24 lutego w Gimnazjum im. J. I. Kraszewskiego odbył się wieczór studniówkowy. Maturzyści polskiej szkoły uroczyście zatańczyli poloneza oraz wesoło spędzili czas. Elżbieta Tupikowska porozmawiała z maturzystką gimnazjum Dianą Savanevičiūtė o tym, jak wyglądały przygotowania do studniówki oraz jak minęła uroczystość.
Przygotowania do studniówki rozpoczęły się w październiku. Maturzyści ćwiczyli poloneza i walczyka, sami wybierali muzykę. Próby odbywały się raz w tygodniu i trwały 2-3h.
Dziewczyny chciały być w identycznych sukienkach, chociaż nie ukrywają, że nie było to prostym zadaniem, gdyż każda miała różne propozycje. Chłopcy również się dopasowali, mieli na sobie identyczne muszki.
Młodsi koledzy z klasy 11 przygotowali część artystyczną. Cała społeczność szkolna z zadowoleniem oglądała kreatywne przedstawienie.
„Impreza przebiegała bardzo wesoło, w ciepłym gronie najbliższych i najważniejszych dla nas osób: dyrekcja, nasi nauczyciele oraz rodzice. Podczas wieczoru nie zabrakło uśmiechów na twarzy, pogodnego i radosnego nastroju. Czas minął bardzo szybko. Przed tańcem nie brakło stresu, ale podczas tańca zapomnieliśmy o stresie i czerpaliśmy satysfakcję z samego tańca” – opowiada maturzystka gimnazjum im. J. I. Kraszewskiego Diana Savanevičiūtė.

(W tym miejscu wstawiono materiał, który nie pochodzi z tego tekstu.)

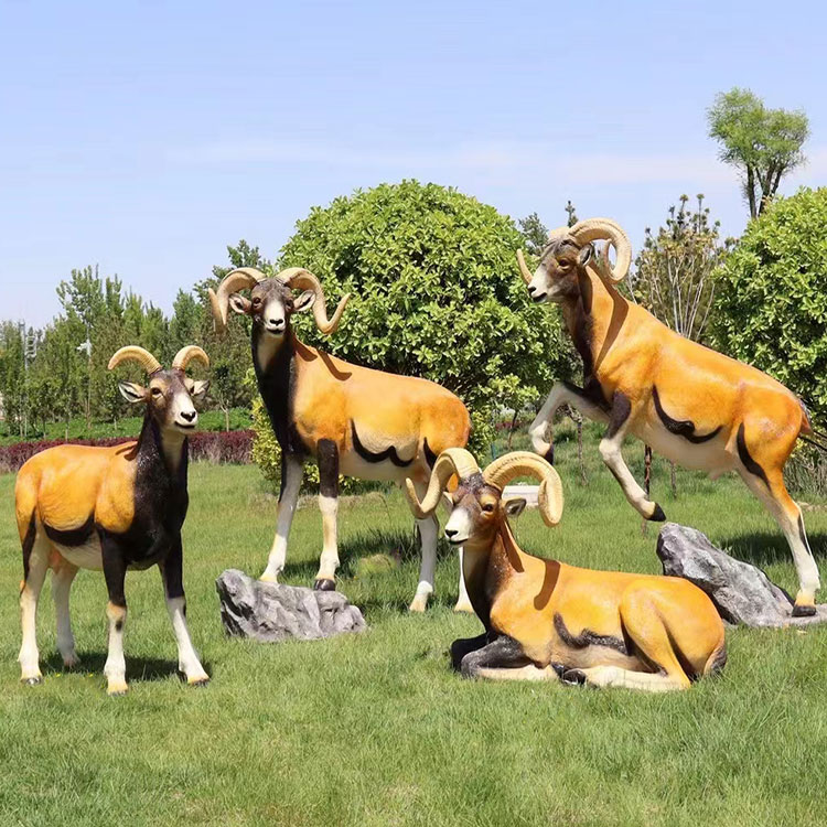 定制仿真山羊雕塑玻璃钢户外动物盘羊雕像景观庭院草坪大绵羊摆件热门设计联盟服务商

Maturzyści nie ukrywają, że przygotowania do uroczystości nie były łatwe.
„Już od samego początku nie byliśmy pewni czy studniówka się odbędzie. Pierwszą datę, którą mieliśmy zaplanowaną na 11 lutego, musieliśmy zmienić, ponieważ był to czas zaostrzeń związanych z sytuacją pandemiczną. Sporo kolegów i koleżanek chorowało, trudno było z próbami, nie wszyscy mogli uczestniczyć. Na początku, kiedy wzrastało napięcie w sektorze zdrowotnym myśleliśmy, że impreza odbędzie się bez rodziców. Jednak bardzo się cieszymy, że wszystko odbyło się tak, jak chcieliśmy!” – opowiada Diana Savanevičiūtė.
„Studniówka jest bardzo ważną imprezą, pierwszą na progu dorosłości. Jest to święto, które każdy maturzysta przeżywa jeden raz. Ważna dla nas była sama atmosfera przygotowania do studniówki, sam taniec, podniosły nastrój. Wszyscy podeszliśmy bardzo odpowiedzialnie do tej imprezy, która niewątpliwie się udała” – podsumowuje maturzystka.